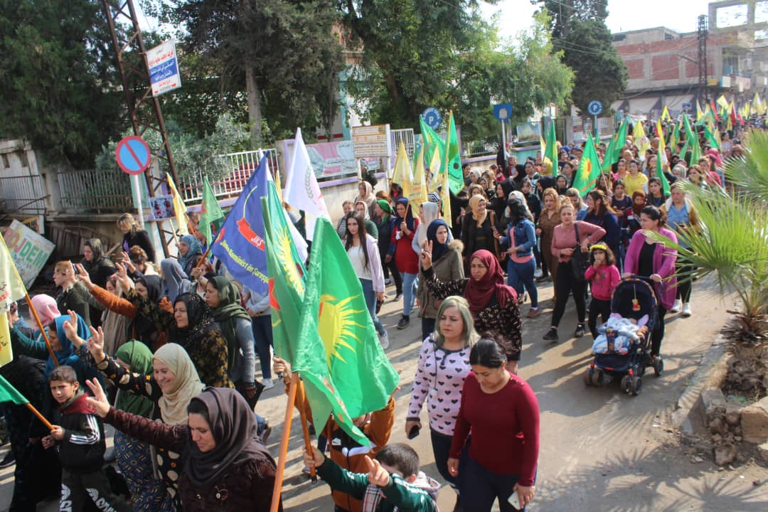 Di meşê de, şêniyan pankartên bi nivîsên “2’ê Mijdara 2019’an Roja Cîhanê ya Rojava, her der Rojava ye , her der jî berxwedan e” û her wiha alên QSD’ê, YPJ, YPG’ê û Kongre Star jî, hildan.
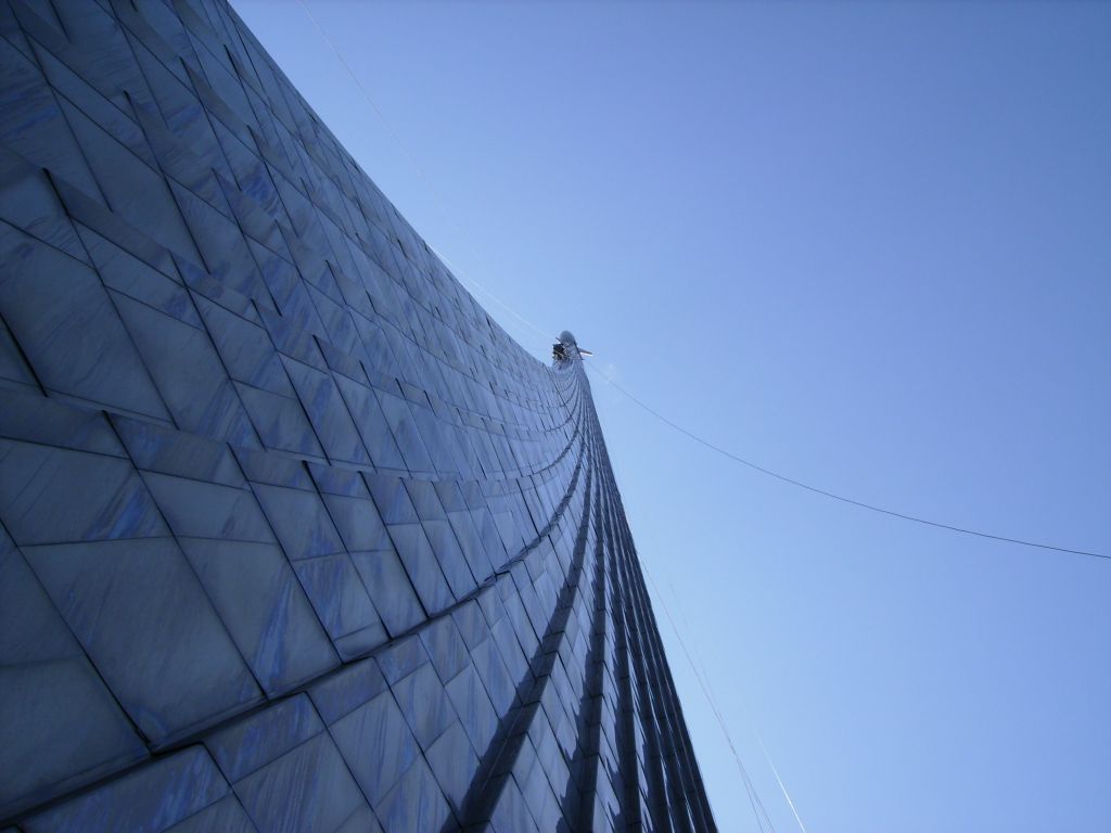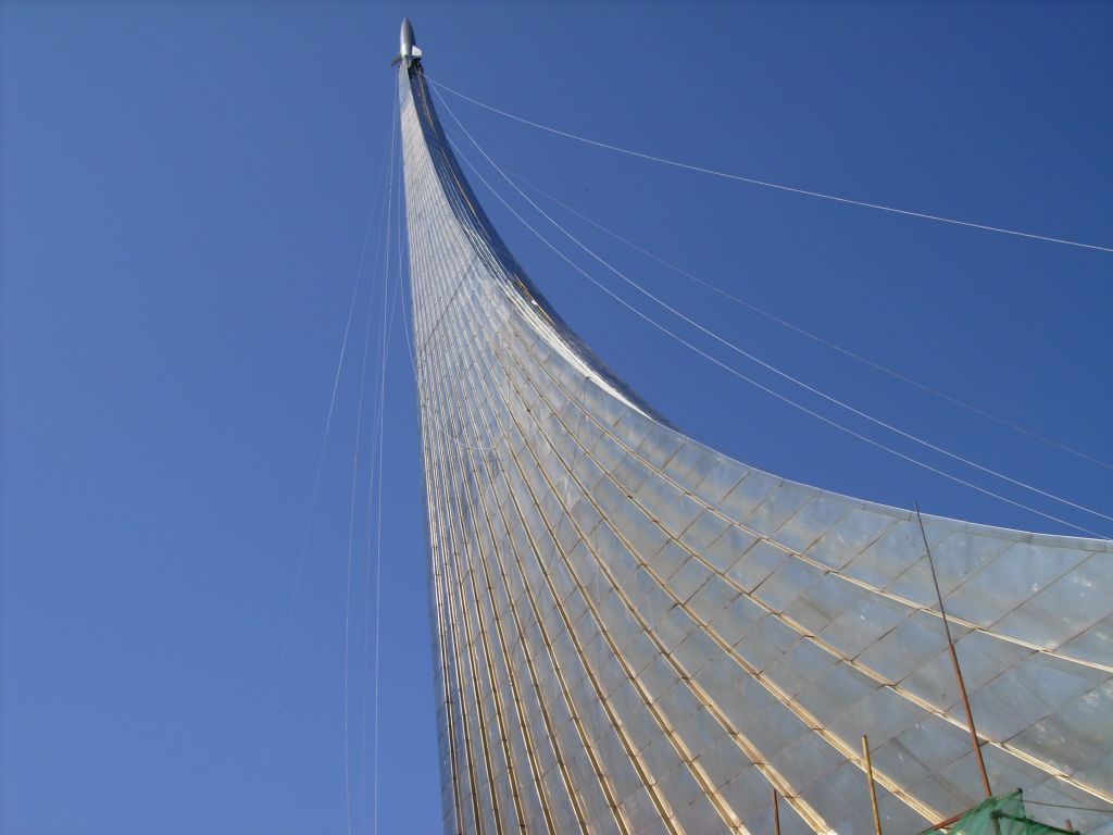 Установка памятника Королёву. Место крепления, конечно, оригинально.
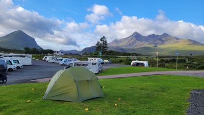 Tegen drie uur terug op de camping. Borrel, Polarsteps bijwerken en alvast uit de tent halen wat vannacht niet echt noodzakelijk is. Morgenochtend tegen half vijf tent inpakken. Wil uiterlijk een uur later hier wegrijden om op tijd te zijn voor het inchecken voor de veerboot van Tarbert naar Uig op Skye. Vandaar gaat het via Inverness (boodschappen, tanken) naar Cannich in Glen Affric.
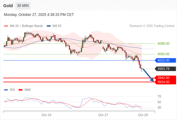 在 4022.00 之下,看跌,目标价位为 3942.00 ,然后为 3924.00 。
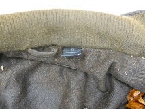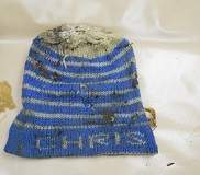 Dark Blue dress socks, Dark Brown Canvas 'St. John's Bay' jacket, size medium. Blue and White knit cap with the name "CHRIS" knitted into the design.
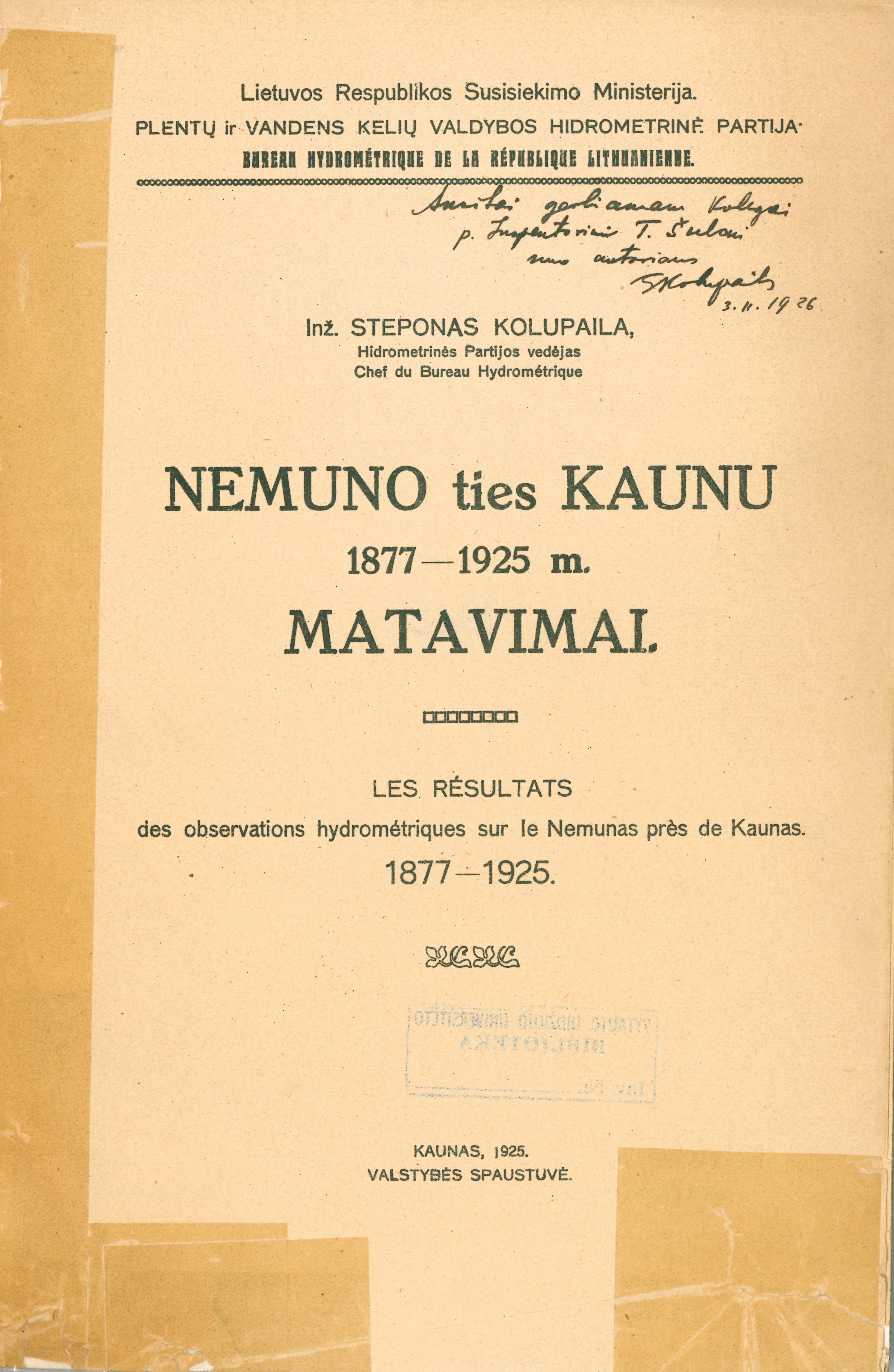 Nemuno ties Kaunu 1877-1925 m. matavimai = Les résultats des observations hydrométriques sur le Nemunas près de Kaunas 1877-1925 / inž. Steponas Kolupaila. – Kaunas, 1925. – 192 p., 4 iliustr. lap.
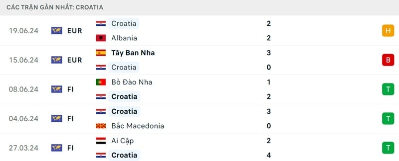 5 trận gần nhất, thầy trò HLV Zlatko Dalic thắng 3, hòa 1 và thua 1. 1/3 chiến thắng đó đến từ lần đánh bại Bồ Đào Nha với tỷ số 2-1. Dù vậy, 3 trận thắng của Croatia đều là những trận đấu không quan trọng.
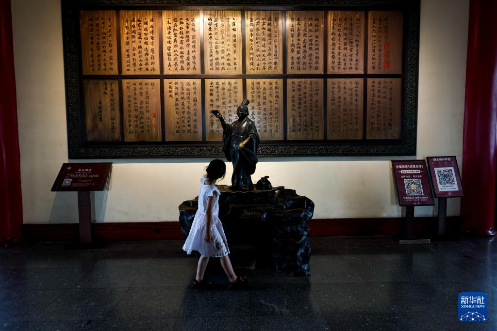 7月7日,一名小朋友在江西南昌滕王閣內的《滕王閣序》銅碑前駐足。
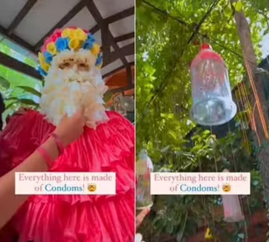 ಬ್ಯಾಂಕಾಂಕ್ ನ ಈ ‘ಕಾಫಿ ಅಂಡ್ ಕಾಂಡೋಮ್ಸ್’ ಕೆಫೆ ಟೋಟಲ್ ಲೀ ಕಾಂಡೊಮ್ ಮಯ. ಅಲ್ಲಿನ ಪ್ರತಿಮೆಗಳು, ಅವಿ ಧರಿಸಿದ ಥರಾವರಿ ಡ್ರೆಸ್ ಗಳು, ಸಂತ ಕ್ಲಾಸ್ ಗಡ್ಡ, ಅಲಂಕರಿಸಿದ ಆಟಿಕೆ, ಹರಡಿ ಇತ್ತಾ ಹೂಗಳು ಹೀಗೆ ಎಲ್ಲವನ್ನೂ ವಿಭಿನ್ನ ಬಣ್ಣದ ಕಾಂಡೋಮ್ ಗಳಿಂದ ರಚಿಸಲಾಗಿದೆ. ಅಷ್ಟೇ ಯಾಕೆ ಟೇಬಲ್ ಸೇರಿದಂತೆ ಕೆಫೆ ಒಳಗಡೆಯ ಬಹುತೇಕ ವಸ್ತುಗಳನ್ನು ಕಾಂಡೋಮ್ ಗಳಿಂದಲೇ ಮಾಡಲಾಗಿದೆ. ಅಲ್ಲದೆ ಗೋಡೆ ಮೇಲಿನ ವಾಲ್ ಪೇಪರ್, ಚಿತ್ರಗಳಲ್ಲಿ ಕೂಡಾ ಕಾಂಡೋಮ್ ಕಂಡುಬರುತ್ತಿದೆ.
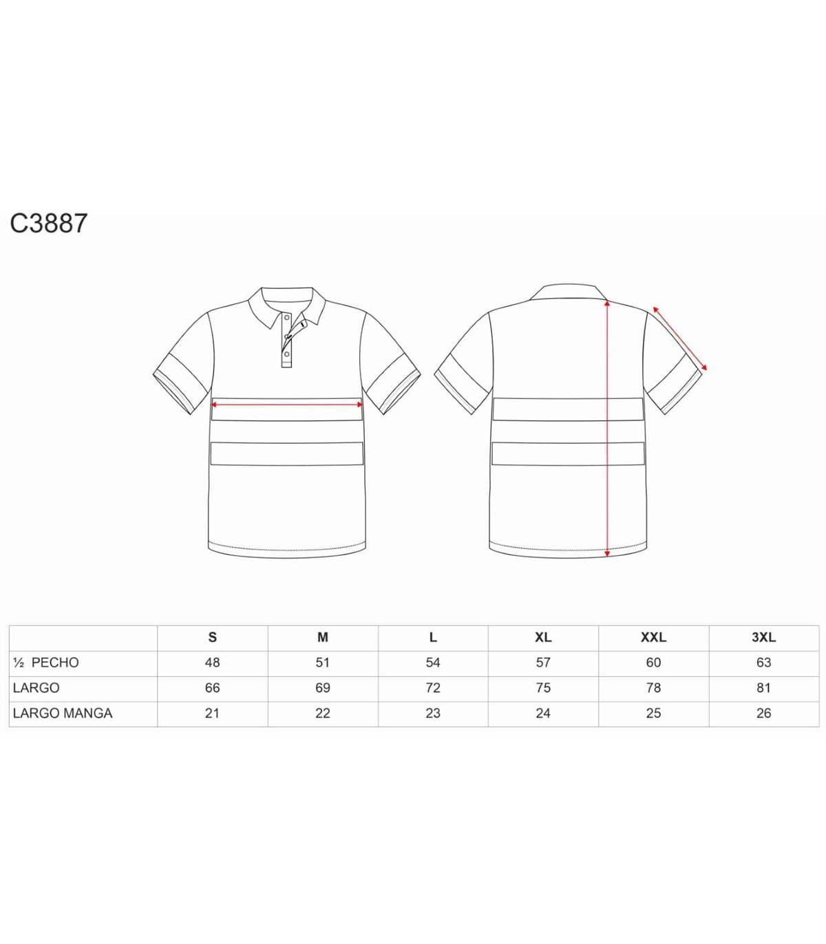 Polo con cuello clásico con tapeta de tres botones y cubrecosturas interior. Dos cintas reflectantes en pecho, espalda y mangas. Puño elástico.
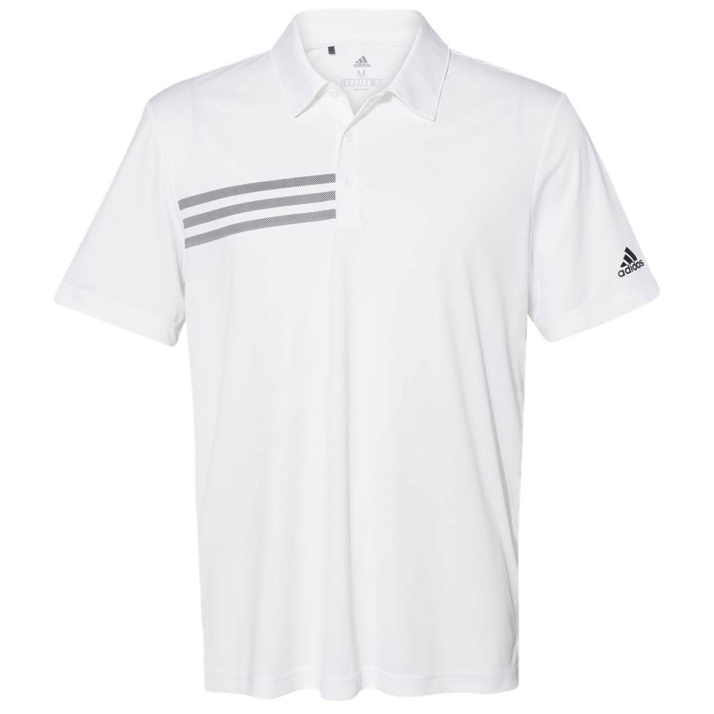 Enjoy a unique custom look with an embroidery Adidas Men's White/Black 3 Stripe Chest Polo. Perfect as corporate apparel when paired with a jacket or vest, this polo is made of 100% recycled polyester jersey. This means you can look great and help the environment in the traditionally styled polo with hydrophilic finish and a UPF rating of 50+. The simple design is enhanced with three stripes on the right side and a open hem with three button placket. Add a custom logo to use these polos as employee apparel that makes a statement or as employee gifts that will be an instant hit.
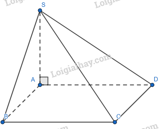\(\left\{ \begin{array}{l}CD \bot AC\,\,\left( {cmt} \right)\\CD \bot SA\,\,\,\left( {do\,\,SA \bot \left( {ABCD} \right)} \right)\end{array} \right. \Rightarrow CD \bot \left( {SAC} \right).\)

* * * * * * *

TASK DIRECTIONS
The entries above need to be repeated in full, word for word. Skip the images.

ANSWER AREA
 Di meşê de, şêniyan pankartên bi nivîsên “2’ê Mijdara 2019’an Roja Cîhanê ya Rojava, her der Rojava ye , her der jî berxwedan e” û her wiha alên QSD’ê, YPJ, YPG’ê û Kongre Star jî, hildan.
 Установка памятника Королёву. Место крепления, конечно, оригинально.
 Tegen drie uur terug op de camping. Borrel, Polarsteps bijwerken en alvast uit de tent halen wat vannacht niet echt noodzakelijk is. Morgenochtend tegen half vijf tent inpakken. Wil uiterlijk een uur later hier wegrijden om op tijd te zijn voor het inchecken voor de veerboot van Tarbert naar Uig op Skye. Vandaar gaat het via Inverness (boodschappen, tanken) naar Cannich in Glen Affric.
 在 4022.00 之下,看跌,目标价位为 3942.00 ,然后为 3924.00 。
 Dark Blue dress socks, Dark Brown Canvas 'St. John's Bay' jacket, size medium. Blue and White knit cap with the name "CHRIS" knitted into the design.
 Nemuno ties Kaunu 1877-1925 m. matavimai = Les résultats des observations hydrométriques sur le Nemunas près de Kaunas 1877-1925 / inž. Steponas Kolupaila. – Kaunas, 1925. – 192 p., 4 iliustr. lap.
 5 trận gần nhất, thầy trò HLV Zlatko Dalic thắng 3, hòa 1 và thua 1. 1/3 chiến thắng đó đến từ lần đánh bại Bồ Đào Nha với tỷ số 2-1. Dù vậy, 3 trận thắng của Croatia đều là những trận đấu không quan trọng.
 7月7日,一名小朋友在江西南昌滕王閣內的《滕王閣序》銅碑前駐足。
 ಬ್ಯಾಂಕಾಂಕ್ ನ ಈ ‘ಕಾಫಿ ಅಂಡ್ ಕಾಂಡೋಮ್ಸ್’ ಕೆಫೆ ಟೋಟಲ್ ಲೀ ಕಾಂಡೊಮ್ ಮಯ. ಅಲ್ಲಿನ ಪ್ರತಿಮೆಗಳು, ಅವಿ ಧರಿಸಿದ ಥರಾವರಿ ಡ್ರೆಸ್ ಗಳು, ಸಂತ ಕ್ಲಾಸ್ ಗಡ್ಡ, ಅಲಂಕರಿಸಿದ ಆಟಿಕೆ, ಹರಡಿ ಇತ್ತಾ ಹೂಗಳು ಹೀಗೆ ಎಲ್ಲವನ್ನೂ ವಿಭಿನ್ನ ಬಣ್ಣದ ಕಾಂಡೋಮ್ ಗಳಿಂದ ರಚಿಸಲಾಗಿದೆ. ಅಷ್ಟೇ ಯಾಕೆ ಟೇಬಲ್ ಸೇರಿದಂತೆ ಕೆಫೆ ಒಳಗಡೆಯ ಬಹುತೇಕ ವಸ್ತುಗಳನ್ನು ಕಾಂಡೋಮ್ ಗಳಿಂದಲೇ ಮಾಡಲಾಗಿದೆ. ಅಲ್ಲದೆ ಗೋಡೆ ಮೇಲಿನ ವಾಲ್ ಪೇಪರ್, ಚಿತ್ರಗಳಲ್ಲಿ ಕೂಡಾ ಕಾಂಡೋಮ್ ಕಂಡುಬರುತ್ತಿದೆ.
 Polo con cuello clásico con tapeta de tres botones y cubrecosturas interior. Dos cintas reflectantes en pecho, espalda y mangas. Puño elástico.
 Enjoy a unique custom look with an embroidery Adidas Men's White/Black 3 Stripe Chest Polo. Perfect as corporate apparel when paired with a jacket or vest, this polo is made of 100% recycled polyester jersey. This means you can look great and help the environment in the traditionally styled polo with hydrophilic finish and a UPF rating of 50+. The simple design is enhanced with three stripes on the right side and a open hem with three button placket. Add a custom logo to use these polos as employee apparel that makes a statement or as employee gifts that will be an instant hit.
\(\left\{ \begin{array}{l}CD \bot AC\,\,\left( {cmt} \right)\\CD \bot SA\,\,\,\left( {do\,\,SA \bot \left( {ABCD} \right)} \right)\end{array} \right. \Rightarrow CD \bot \left( {SAC} \right).\)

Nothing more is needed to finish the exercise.